BEGIN Material for this exercise

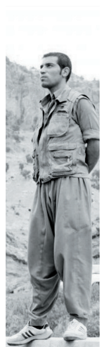
ئحسانی فه تاحیان قۆتۆ: دهستور

میژوی له سیداره دان و پرۆسه ی هاوشیوه بوون میژوی له سیداره دان هاوته ریپی میژوی دهسه لاتو هاوشان له گه ل پیکه اتنی هیژو تۆتوریته له قۆرمی دهسه لات، یاسا له دایک ده بیته، له قۆرماسیۆنی پیش ئه م قۆناغه، شه رو تیکه له چوون زمانی مرۆفه کان بووه و پاریزگاریکردن له مافه کان له خانه ی توندوتیژی ده گرسایه وه، له گه ل له دایک بوونی دهسه لات، ده لاقه یه کی نوخ له ژانی مرۆفه کان ده کریته وه، یاسا داده ییز ژیت و داده ور بۆ په یوه ندیبه تازه کان راده سپردیت، له سیداره دان وه که سزایه بۆ سه رپیکه که له یاسادا ده ستنیشان ده کریته و له م سیستمه تازه هیه دا ترسو و تۆقاندن وه که تنیا نامانجی سزادان ده ستنیشان
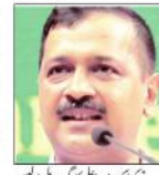
کجر یوال کے قتل کی سازش کے بارے میں ایک نیا ٹریڈ انٹینس کمپ کا انعقاد کیا گیا ہے۔
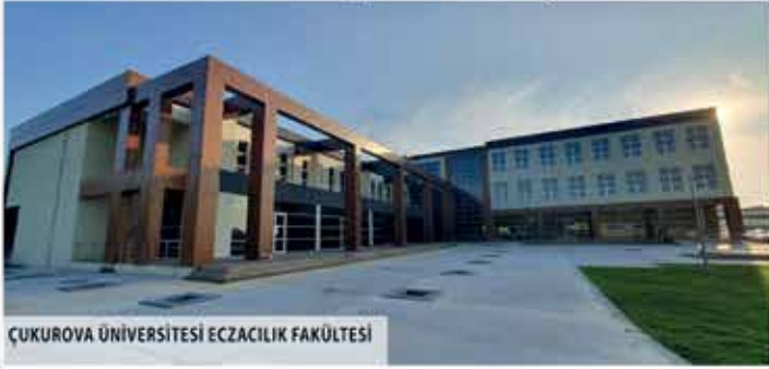
ÇUKUROVA ÜNİVERSİTESİ ECZACILIK FAKÜLTESİ

43 YILDIR, GÖRDÜĞÜNÜZ YAPILARDA, GÖREMEDİĞİNİZ ALTYAPIDA, KULLANDIĞINIZ ENERJİDE, YURT İÇİNDE YURT DIŞINDA YARATILAN İSTİHDAMDA, ONUN ADI VE KALİTESİ VAR.
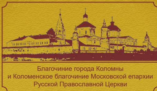
Благочиние города Коломны и Коломенское благочиние Московской епархии Русской Православной Церкви

ГЛАГОЛЬ - ежемесячная интернет-газета благочиний города Коломны и Коломенского округа.
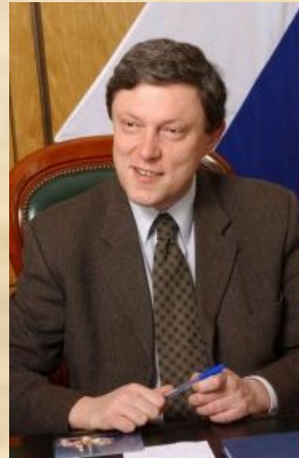
Явлинский Григорий Алексеевич (председатель до 2008)

END Material for this exercise

→ Task to complete
Could you repeat all of the entries exactly, without any of the images?

→ Finished exercise
ئحسانی فه تاحیان قۆتۆ: دهستور

میژوی له سیداره دان و پرۆسه ی هاوشیوه بوون میژوی له سیداره دان هاوته ریپی میژوی دهسه لاتو هاوشان له گه ل پیکه اتنی هیژو تۆتوریته له قۆرمی دهسه لات، یاسا له دایک ده بیته، له قۆرماسیۆنی پیش ئه م قۆناغه، شه رو تیکه له چوون زمانی مرۆفه کان بووه و پاریزگاریکردن له مافه کان له خانه ی توندوتیژی ده گرسایه وه، له گه ل له دایک بوونی دهسه لات، ده لاقه یه کی نوخ له ژانی مرۆفه کان ده کریته وه، یاسا داده ییز ژیت و داده ور بۆ په یوه ندیبه تازه کان راده سپردیت، له سیداره دان وه که سزایه بۆ سه رپیکه که له یاسادا ده ستنیشان ده کریته و له م سیستمه تازه هیه دا ترسو و تۆقاندن وه که تنیا نامانجی سزادان ده ستنیشان
کجر یوال کے قتل کی سازش کے بارے میں ایک نیا ٹریڈ انٹینس کمپ کا انعقاد کیا گیا ہے۔
ÇUKUROVA ÜNİVERSİTESİ ECZACILIK FAKÜLTESİ

43 YILDIR, GÖRDÜĞÜNÜZ YAPILARDA, GÖREMEDİĞİNİZ ALTYAPIDA, KULLANDIĞINIZ ENERJİDE, YURT İÇİNDE YURT DIŞINDA YARATILAN İSTİHDAMDA, ONUN ADI VE KALİTESİ VAR.
Благочиние города Коломны и Коломенское благочиние Московской епархии Русской Православной Церкви

ГЛАГОЛЬ - ежемесячная интернет-газета благочиний города Коломны и Коломенского округа.
Явлинский Григорий Алексеевич (председатель до 2008)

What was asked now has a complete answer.